Within a year, Jane was pregnant, and to every one's delight, the baby born on the 12th of October 1537 was a boy. The King wept with joy when he first held his much longed for son and the country celebrated. The baby prince was named Edward and he was christened with much pomp and ceremony three days later. The King's joy was short lived, however, as Jane became feverish a few days after Edward's birth and died on the 23 October. Henry was devastated and mourned Jane for months. In fact, although he married a further three times, it was Jane he considered the love of his life. She had given him the one thing that no other wife ever had, a living son, and for this he cherished her memory. It was with Jane that he was buried, in Windsor Castle, when he himself died a decade later.
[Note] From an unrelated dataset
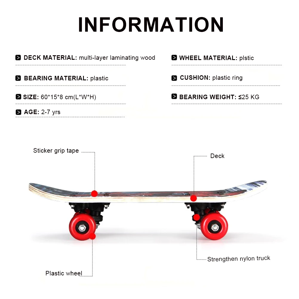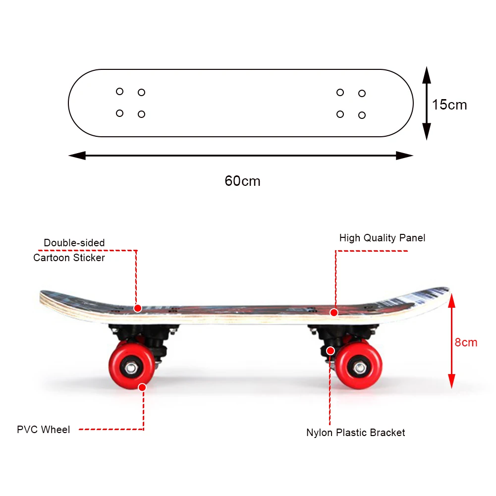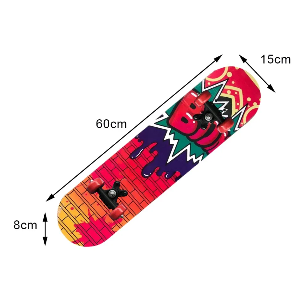 60cm Four-Wheeled Skateboard for Beginners and Kids Wood Scooters Double Deck Skating Board graffiti skateboard road brush

Edward was only nine years of age when he became King at his father's death, so Jane's brother, Edward Seymour, was appointed Lord Protector of England. This meant he would rule in Edward's name until he was old enough to rule himself. But Edward Seymour had an ambitious younger brother, Thomas, who wanted to takeover as Lord Protector. He plotted and schemed behind his brother's back and even tried to abduct King Edward! Thomas did not succeed, however, and was arrested for treason. Not long after he was beheaded. Edward Seymour did not survive his brother's disgrace and was replaced as Lord Protector by John Dudley, Duke of Northumberland.